[Work instruction]: Where the word "during" appears in a line below, copy the whole line.

[Data records]:
- - - - -

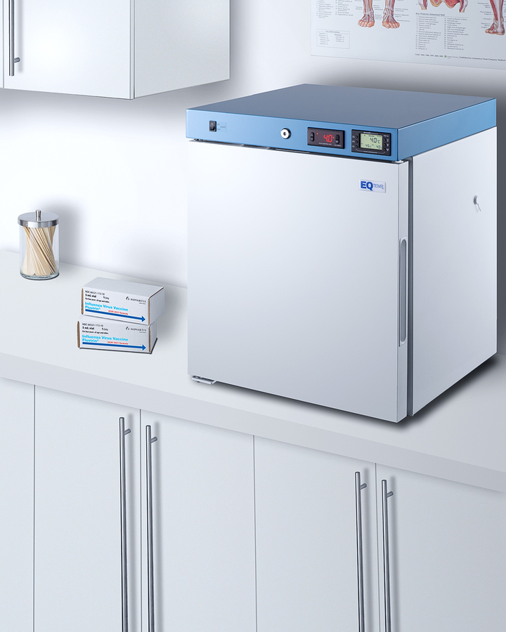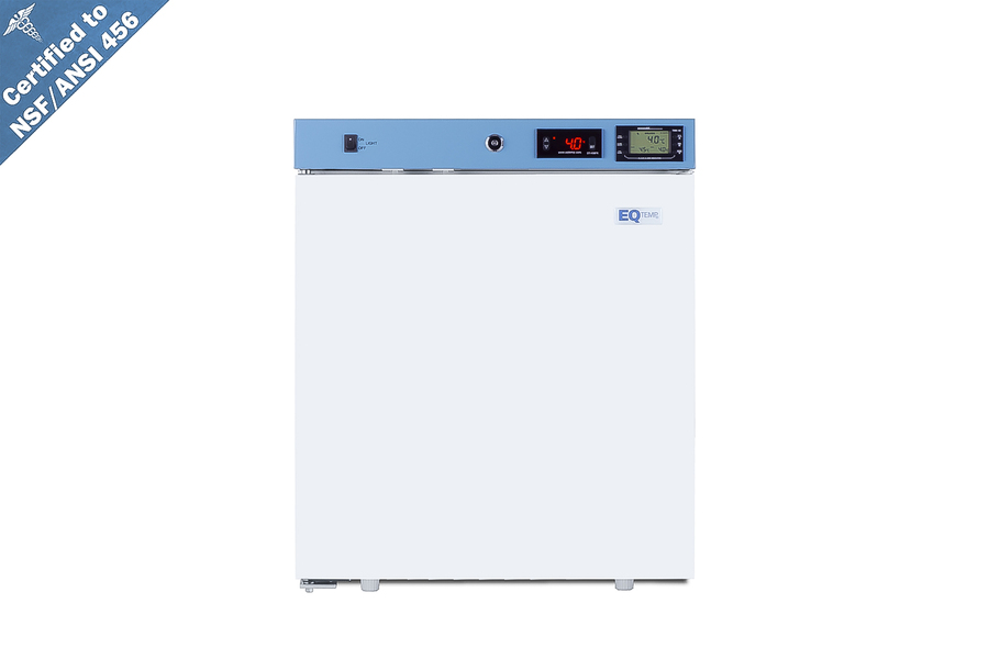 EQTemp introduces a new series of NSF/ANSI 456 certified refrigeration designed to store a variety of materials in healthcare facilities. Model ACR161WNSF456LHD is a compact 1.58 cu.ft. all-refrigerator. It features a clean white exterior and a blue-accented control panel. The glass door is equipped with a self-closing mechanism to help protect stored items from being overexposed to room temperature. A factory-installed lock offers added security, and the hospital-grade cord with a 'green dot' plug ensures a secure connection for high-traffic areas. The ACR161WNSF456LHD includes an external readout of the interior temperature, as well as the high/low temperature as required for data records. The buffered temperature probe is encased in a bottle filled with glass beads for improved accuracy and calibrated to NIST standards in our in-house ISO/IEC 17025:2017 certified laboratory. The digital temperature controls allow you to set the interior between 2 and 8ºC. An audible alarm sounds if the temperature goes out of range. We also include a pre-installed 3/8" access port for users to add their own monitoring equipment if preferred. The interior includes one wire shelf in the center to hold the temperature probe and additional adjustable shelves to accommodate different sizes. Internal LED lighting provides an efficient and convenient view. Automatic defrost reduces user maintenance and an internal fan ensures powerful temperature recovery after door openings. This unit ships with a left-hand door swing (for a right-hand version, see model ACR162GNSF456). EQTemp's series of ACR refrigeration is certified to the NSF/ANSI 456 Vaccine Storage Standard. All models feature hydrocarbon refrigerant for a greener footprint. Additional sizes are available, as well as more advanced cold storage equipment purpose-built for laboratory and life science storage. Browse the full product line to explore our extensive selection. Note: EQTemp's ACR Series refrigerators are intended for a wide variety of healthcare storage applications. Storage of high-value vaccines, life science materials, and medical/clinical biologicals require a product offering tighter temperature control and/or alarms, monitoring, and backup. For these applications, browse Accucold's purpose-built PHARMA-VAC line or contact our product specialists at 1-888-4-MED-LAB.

- - - - -

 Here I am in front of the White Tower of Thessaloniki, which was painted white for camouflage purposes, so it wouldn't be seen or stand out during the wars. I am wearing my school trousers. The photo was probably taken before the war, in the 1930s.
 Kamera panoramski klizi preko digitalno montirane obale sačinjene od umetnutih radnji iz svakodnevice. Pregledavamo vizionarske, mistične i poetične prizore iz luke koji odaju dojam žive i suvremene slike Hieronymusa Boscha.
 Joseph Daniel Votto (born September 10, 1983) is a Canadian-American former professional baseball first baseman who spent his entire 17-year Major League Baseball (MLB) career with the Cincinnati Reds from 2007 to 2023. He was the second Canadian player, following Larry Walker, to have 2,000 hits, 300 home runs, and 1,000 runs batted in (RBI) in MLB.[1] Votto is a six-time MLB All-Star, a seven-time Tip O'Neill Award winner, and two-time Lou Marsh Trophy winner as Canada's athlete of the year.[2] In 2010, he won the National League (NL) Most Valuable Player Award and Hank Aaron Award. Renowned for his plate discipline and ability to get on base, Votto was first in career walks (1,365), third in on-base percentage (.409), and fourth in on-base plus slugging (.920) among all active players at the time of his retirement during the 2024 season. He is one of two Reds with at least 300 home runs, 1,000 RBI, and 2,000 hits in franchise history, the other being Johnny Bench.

- - - - -

[Response area]:
 Here I am in front of the White Tower of Thessaloniki, which was painted white for camouflage purposes, so it wouldn't be seen or stand out during the wars. I am wearing my school trousers. The photo was probably taken before the war, in the 1930s.
 Joseph Daniel Votto (born September 10, 1983) is a Canadian-American former professional baseball first baseman who spent his entire 17-year Major League Baseball (MLB) career with the Cincinnati Reds from 2007 to 2023. He was the second Canadian player, following Larry Walker, to have 2,000 hits, 300 home runs, and 1,000 runs batted in (RBI) in MLB.[1] Votto is a six-time MLB All-Star, a seven-time Tip O'Neill Award winner, and two-time Lou Marsh Trophy winner as Canada's athlete of the year.[2] In 2010, he won the National League (NL) Most Valuable Player Award and Hank Aaron Award. Renowned for his plate discipline and ability to get on base, Votto was first in career walks (1,365), third in on-base percentage (.409), and fourth in on-base plus slugging (.920) among all active players at the time of his retirement during the 2024 season. He is one of two Reds with at least 300 home runs, 1,000 RBI, and 2,000 hits in franchise history, the other being Johnny Bench.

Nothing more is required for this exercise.